What is stopping ICE from deporting anyone and everyone that they suspect of gang affiliations to El Salvador, without hard evidence and Due Process? What about US citizens, are we really protected? And if so, for how long?
That is the point. I thought you were arguing against that.
 
Bondi on Abrego Garcia: "Even if President Bukele said, 'we'll send him back,' all that would happen is one more step in paperwork and he would go right back to El Salvador because he is an MS-13 member. ICE testified to that ... he's not a 'Maryland man.' He's a guy from El Salvador."

 
What is stopping ICE from deporting anyone and everyone that they suspect of gang affiliations to El Salvador, without hard evidence and Due Process? What about US citizens, are we really protected? And if so, for how long?


Nothing is stopping them. If ICE say you are a gang member then you are deported.

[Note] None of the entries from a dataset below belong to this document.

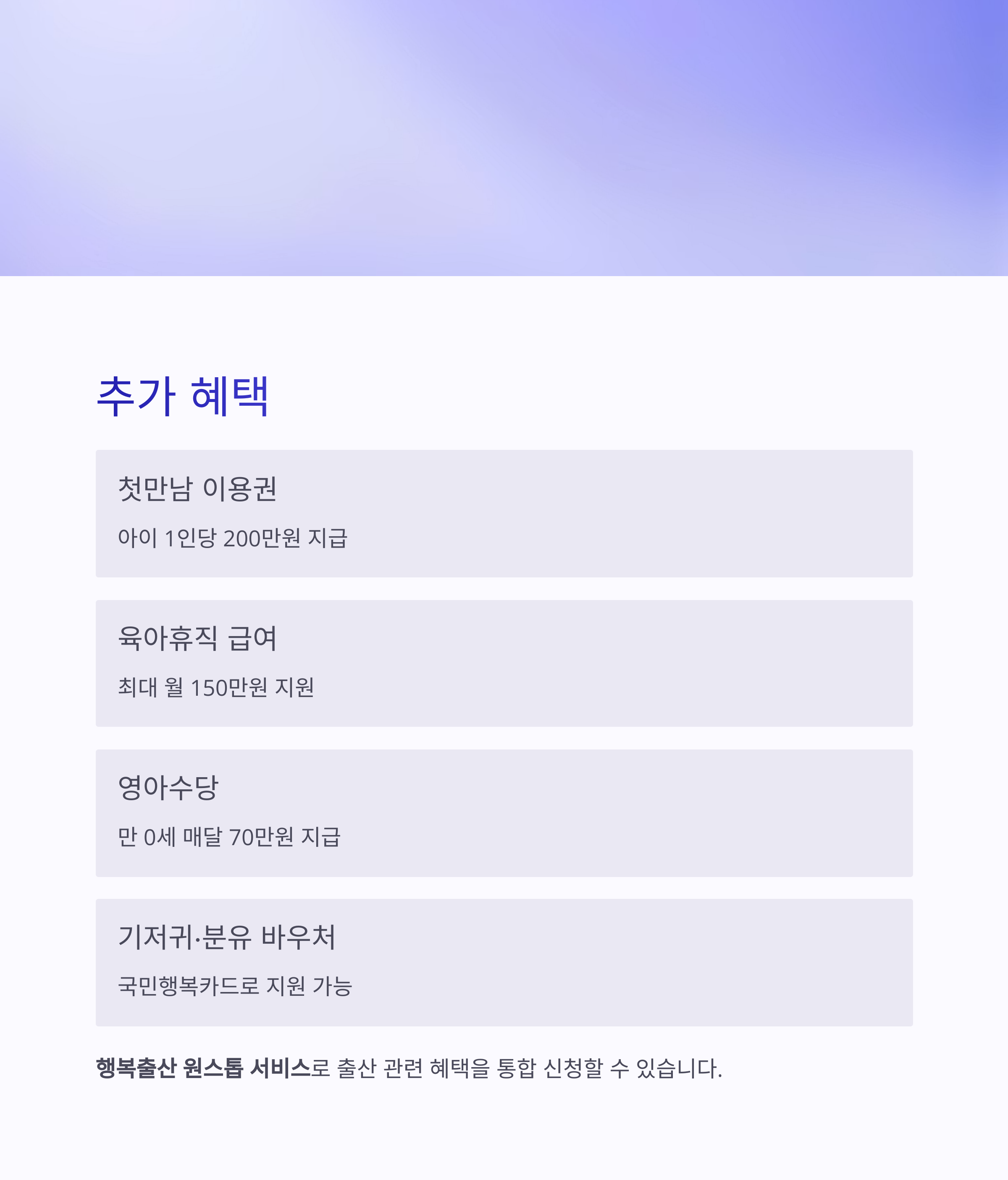 | 기저귀·분유 바우처 | 국민행복카드로 지원 가능 |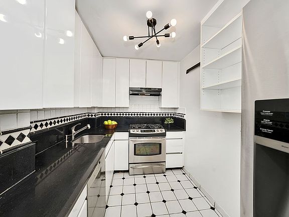 The renovated kitchen features white cabinetry, stainless-steel appliances, black granite counters, and a modern black-and-white tile backsplash.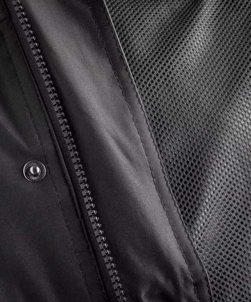 Outer: 200gsm StormDri polyester with PVC coating. Lining upper body: 100% Polyester mesh. Lower body and sleeves: 190T Polyester taffeta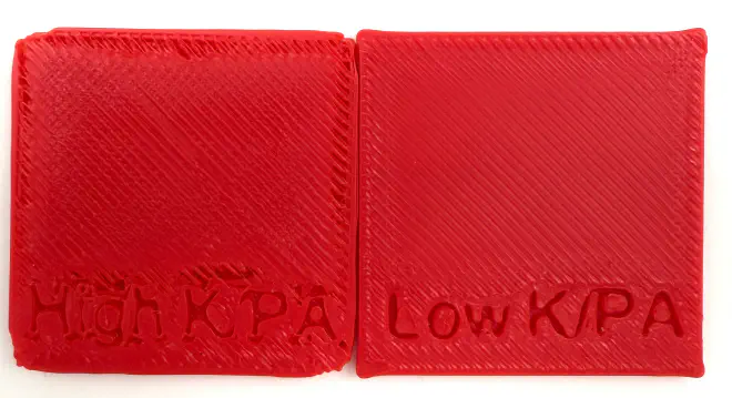 On the “High PA” above, you can see that the edges are “torn”, corners are rounded, and areas near a corner, edge, or feature are underextruded.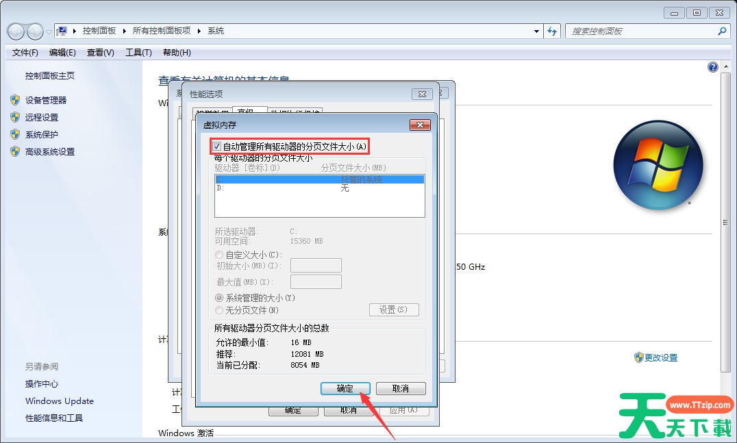 点击该按钮后,勾选“自动管理所有驱动器的分页文件大小”,再按下“确定”即可。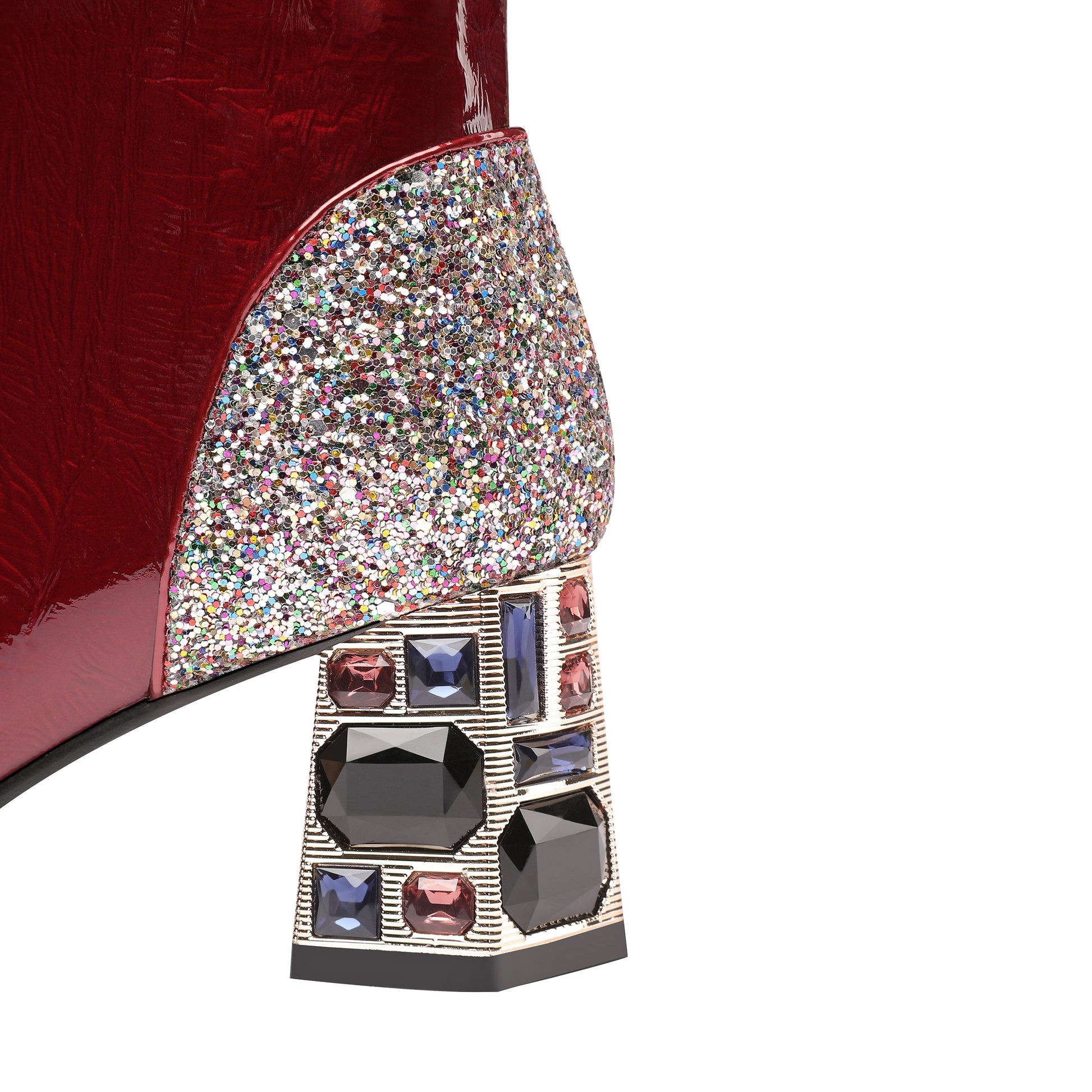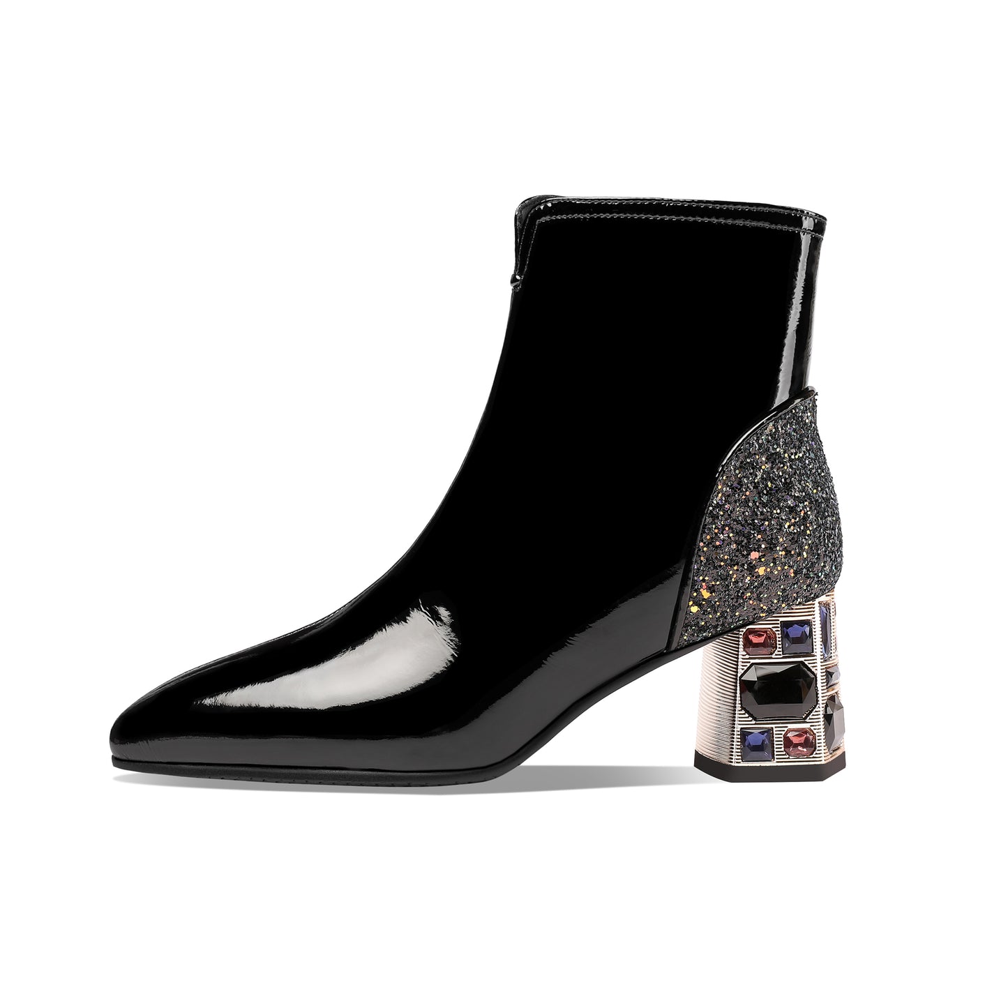 TinaCus Women's Handmade Patent Leather Clear Pointed Toe Crystal Decor Chunky Heel Side Zip Sparkling Glitter Ankle Boots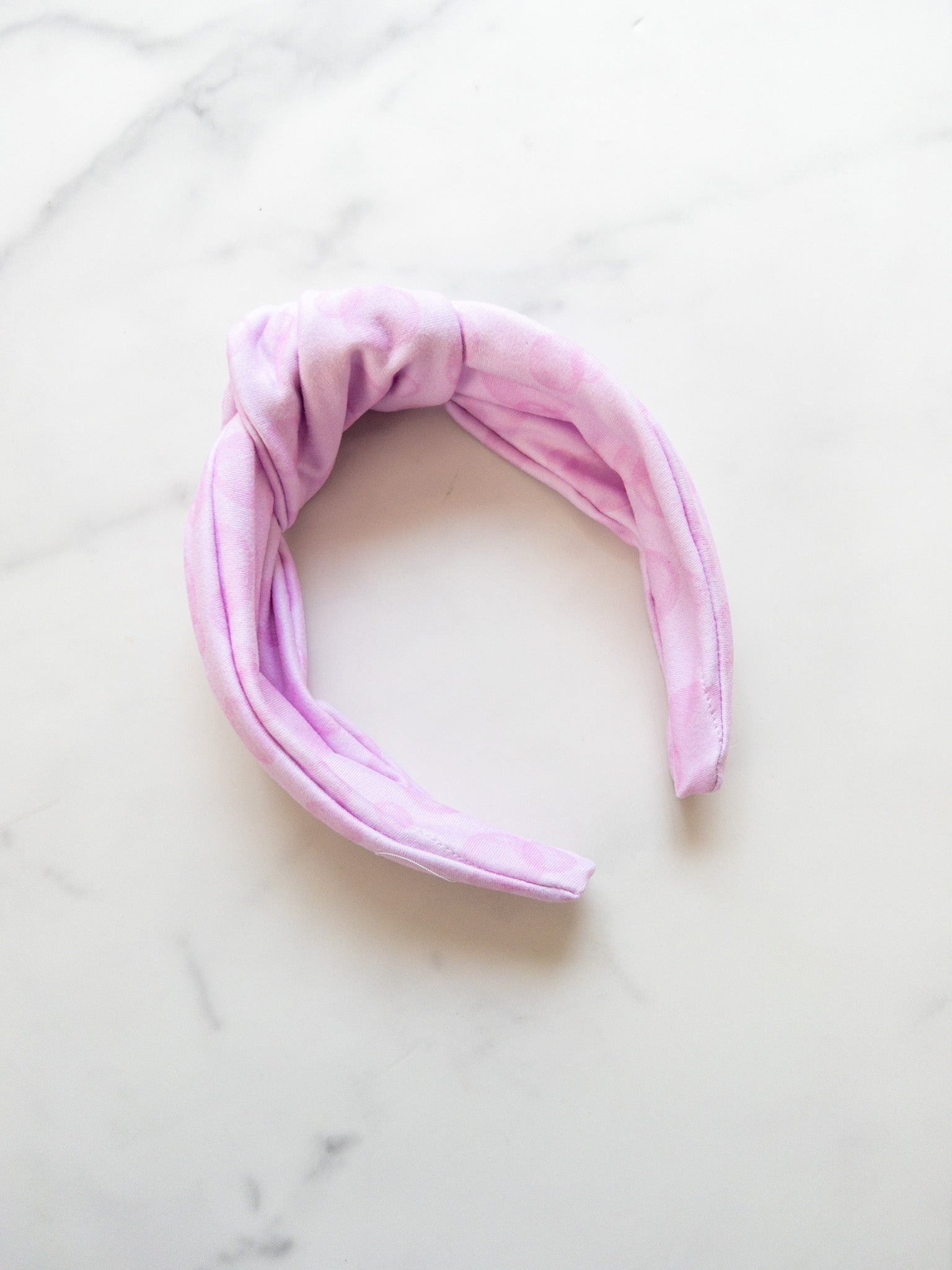 Adult top knot headband. Fabric is double brushed polyester and there is a plastic headband inside. Fits adults best but can fit larger children as well.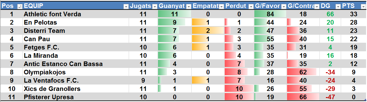 Després de la jornada 12 i els partits ajornats jugats, la classificació queda així.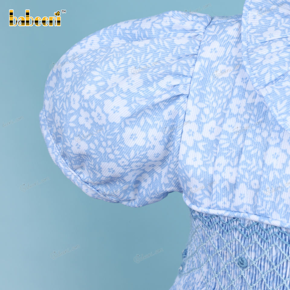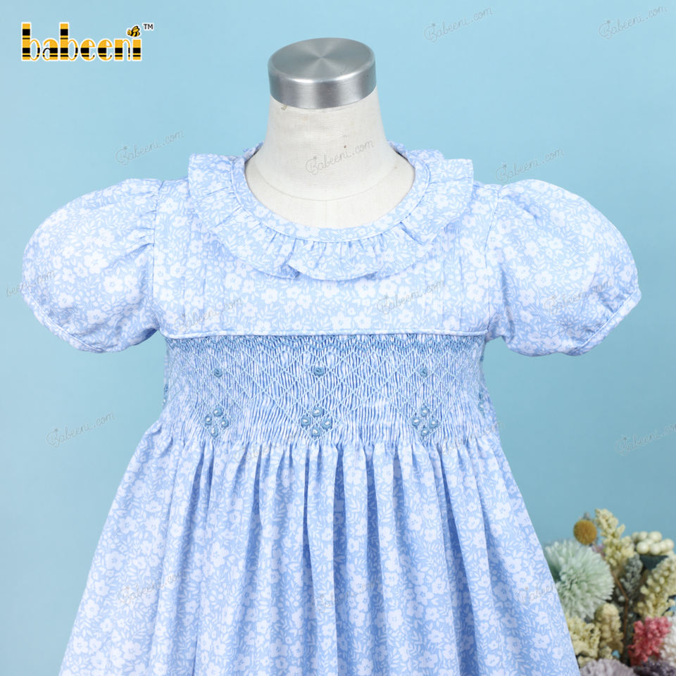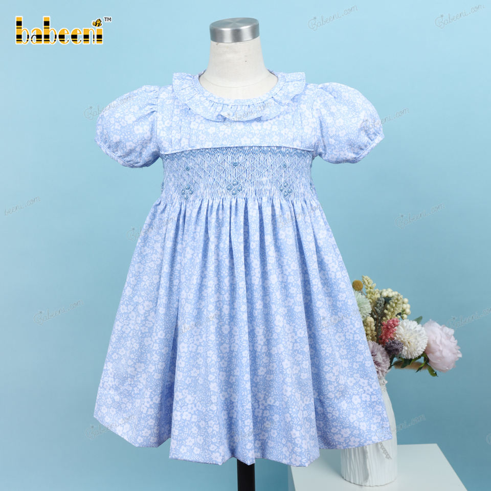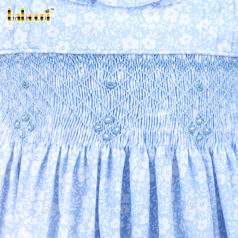Robe géométrique bleue filles bébé fille robes en gros smocké vêtements enfants vêtements en gros-BB3187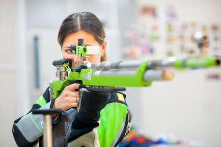 Young woman athlete holding air rifle, preparing for target shooting sport competition, indoor range with wooden background, focus and concentration, determination and precision, training session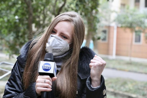 Vera Syrvasova, a Russian student studying at Huazhong University of Science and Technology shouts "Wuhan, Jiayou (stay strong)" in Wuhan, Central China's Hubei Province, on Feb 1, 2020. [China Daily/Zhu Xingxin]

It's official policy.
 
You have ZERO opinion about the President of the United States saying he supports the idea of deporting US citizens to foreign prisons that are notorious for violence and zero Due Process?
It's not clear what class of offender the Trump administration is looking at. If we interpret charitably the promise that it would be only for the most serious offenders who have been properly convicted and sentenced, rendition to a foreign sovereign still runs afoul of the Constitution because it denies habeas corpus relief. A person in custody has a right to challenge his detention. Directly, this would be for causes such as an improper conviction upon discovery of new exculpatory evidence. Less directly it would be for such things as inhuman conditions of punishment—the very thing it seems the foreign prisons were meant to inflict.

It's not unreasonable here to fear the slippery slope. The right of habeas relief may be suspended in the case of "rebellion or invasion" when the public safety requires it. The Trump administration is trying very hard to claim we are under invasion. So when they say they are examining the legality of exile and rendition of U.S. citizens as a criminal punishment, the framework of the argument they are likely to make in favor of it is already apparent.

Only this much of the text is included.